Toujours d'après la BBC, le Foreign Office britannique a collecté des fonds auprès de six puissances occidentales qu'elle a ensuite reversés à l'ONG Adam Smith International (ASI). Cette ONG a ensuite versé à son tour quelque 30 millions de livres par an depuis 2014 à la FSP, dont le nom n'est pas sans rappeler celui de l'Armée syrienne libre (Free Syrian Army). Ce même argent aurait ensuite irrigué la nébuleuse de groupes armés, longtemps présentés dans les médias comme des rebelles «modérés». Mais, en l'espèce, selon la BBC, des groupes djihadistes armés affiliés au Fatah al-Cham, anciennement Front al-Nosra.

En avril 2017, au moment où Boris Johnson avait octroyé une rallonge de quelque 4 millions d'euros à l'ASI, la BBC avait publié sur son site un reportage élogieux dédié à la FSP, intitulé : «La Police syrienne libre lâche les armes pour aider sa communauté». Quoi de plus courageux pour une force de police naissante, peut-être destinée à prendre le relais de la police syrienne régulière au cas où Bachar el-Assad venait à être éliminé ? «Notre force sera dans notre faiblesse», déclarait alors le chef cette nouvelle force de police alternative, le général Adeeb al-Shallaf. «Un homme grand avec une présence considérable», écrivait l'auteur de l'article.

L'ONG Adam Smith International sur le gril

La rencontre entre le responsable de la FSP et l'équipe de la BBC avait d'ailleurs été organisée en Turquie, dans un lieu sécurisé et sous l'égide de l'ASI. Fondée en 1992, cette ONG est une véritable tête de pont opérationnelle de la politique étrangère du Royaume-Uni, un simple coup d'œil sur son site en témoigne. De l'Europe de l'Est post-soviétique à l'Irak, en passant par l'Afghanistan et la Libye, l'ASI a pour mission de mettre en œuvre l'économie de marché et également, charité néo-libérale oblige, d'ouvrir ces mêmes pays au secteur et aux entreprises privés.

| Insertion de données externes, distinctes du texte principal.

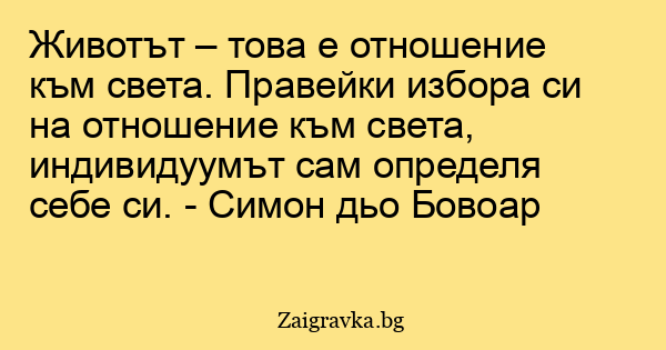 Животът – това е отношение към света. Правейки избора си на отношение към света, индивидуумът сам определя себе си. - Симон дьо Бовоар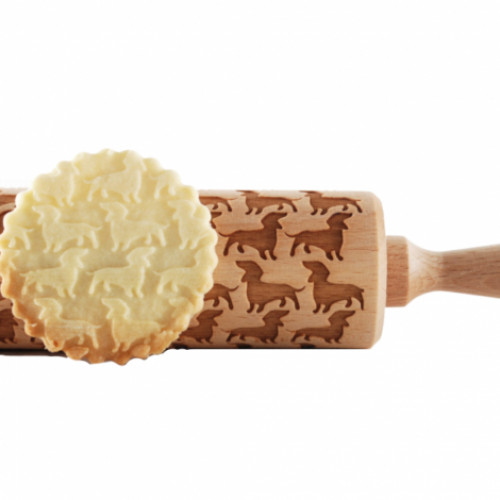Valček z bukového dreva s laserovým gravírovaním so psím motívom. Valček má optimálnu hĺbku gravírovania pre najlepšie výsledky razenia do cesta a dokonca aj hliny a je potiahnutý olejom schváleným pre priamy styk s potravinami, ktorý chráni drevo a uľahčuje nanášanie vzorov (cesto sa tak ľahko nelepí na povrch valčeka). Valček je schválený pre styk s potravinami. Rozmery: dĺžka 43 cm/16,9" s držadlami, priemer 6 cm/2,4", gravírovaná plocha 25 cm/9,8". Drevo, z ktorého je valček vyrobený, je od certifikovaných dodávateľov z EÚ. To znamená, že valček je vyrobený. zameriava na podporu udržateľného lesného hospodárstva.Drevo je prírodný materiál a preto sa môžu na jeho povrchu objaviť rôzne nedokonalosti, ako je zmena farby, farebné rozdiely, nerovnosti. a kontrastu vzoru zobrazeného na fotografiách kvôli prirodzeným rozdielom v jednotlivých častiach dreva použitého na výrobu valčekov.)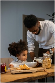 Happy young African American father pouring milk into bowl for daughter for eating cornflakes while having breakfast together at home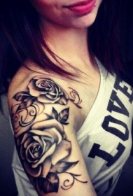 手臂上纹身黑白灰风格点刺纹身植物纹身素材文艺花朵纹身图片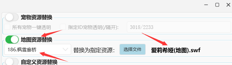 开启地图资源替换的按钮,在下拉框中选择或输入指定的地图后,再选择本地需要导入的文件。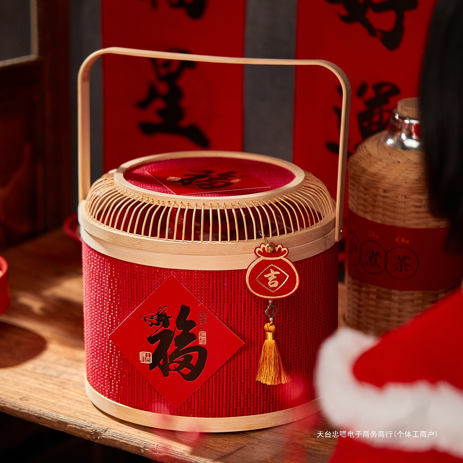 春祭りお祝い赤い新年ギフトボックス竹バスケットギフト専門二層ポータブル竹バスケット工場直販在庫あり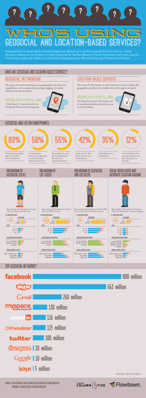 基于地理位置的社交网络是2010年的五大趋势之一。现在几乎所有开发者做个应用都要加入地理位置服务。移动和社交应用都要增强位置,而不是基于位置。你可以用4sq,Gowalla,Facebook Places签到,而类似Yelp的应用则可以识别你周围的位置来找到附近有什么服务。知道都是些谁在用LBS么?来看一下这张图吧。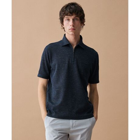 【フランス産リネン×日本の技術・清涼感】ノルマンディリネントップジャージー ジップポロシャツ清涼感と機能性を両立した大人のジップポロシャツ

Face au tollé médiatique qui s'annonce, l'ONG a vivement réfuté les accusations de la BBC. «Nous avons géré efficacement l'argent des contribuables afin de combattre le terrorisme, ramené la sécurité aux communautés syriennes et atténué les risques considérables liés aux opérations dans une zone de guerre», a déclaré un porte-parole de l'ASI, cité par The Telegraph.

«Propagande russe» ?

Susceptible de changer la façon dont elle relate la guerre civile qui a ravagé la Syrie, la BBC se penchera-t-elle lors d'un prochain sujet sur l'organisation controversée des Casques blancs syriens, elle-aussi financée par le Royaume-Uni ? Lors d'une conférence de presse consacrée à ce groupe qui se présente comme humanitaire, le 28 novembre 2017 en Suisse, la journaliste indépendante Vanessa Beeley avait souligné la proximité de certains de ses membres avec des organisations djihadistes. Elle avait été accusée par la branche suisse de l'ONG Reporters sans frontières (RSF) de faire de la «propagande russe», cette dernière allant jusqu'à réclamer l'annulation de la conférence.